**PROVIDED MATERIAL:**
____
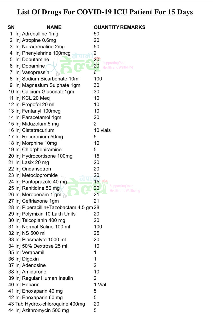 नेपाली हेल्थलाई प्राप्त भएको उक्त सूचीमा कोरोना संक्रमित एक व्यक्तिलाई १५ दिन आइसियूमा राख्नुपर्दा चाहिने औषधिको परिमाण उल्लेख छ । यो सूचीलाई उच्चस्तरीय समितिले समेत अनुमोदन गरेको छ ।
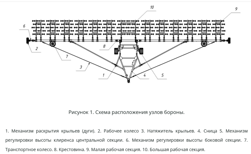 Рабочий орган – пружина конусного кручения с двумя концами диаметром ,10 мм. В конструкцию бороны входят: рама, дышло, крылья, каретки. Также в конструкцию входят монтажная, стержневая и рабочие части (это и есть пружинный зуб). Агрегация бороны пружинной с тракторами должна осуществляться по соответствующим классам.
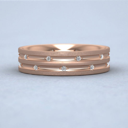 Three Diagonal Diamond Set 18ct Rose Gold 6mm Wedding Ring
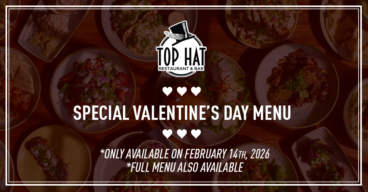 Celebrate Valentine’s Day with a delicious night out right here at the Top Hat! On Saturday, February 14, 2026, we’re offering a special Valentine’s Day menu (alongside our full regular menu) — perfect for date night, a cozy dinner with friends, or treating yourself to something special.
____
**TO DO:**
Everything in the preceding material must be transcribed exactly, except the images.

**SOLUTION TO THIS PROBLEM:**
 नेपाली हेल्थलाई प्राप्त भएको उक्त सूचीमा कोरोना संक्रमित एक व्यक्तिलाई १५ दिन आइसियूमा राख्नुपर्दा चाहिने औषधिको परिमाण उल्लेख छ । यो सूचीलाई उच्चस्तरीय समितिले समेत अनुमोदन गरेको छ ।
 Рабочий орган – пружина конусного кручения с двумя концами диаметром ,10 мм. В конструкцию бороны входят: рама, дышло, крылья, каретки. Также в конструкцию входят монтажная, стержневая и рабочие части (это и есть пружинный зуб). Агрегация бороны пружинной с тракторами должна осуществляться по соответствующим классам.
 Three Diagonal Diamond Set 18ct Rose Gold 6mm Wedding Ring
 Celebrate Valentine’s Day with a delicious night out right here at the Top Hat! On Saturday, February 14, 2026, we’re offering a special Valentine’s Day menu (alongside our full regular menu) — perfect for date night, a cozy dinner with friends, or treating yourself to something special.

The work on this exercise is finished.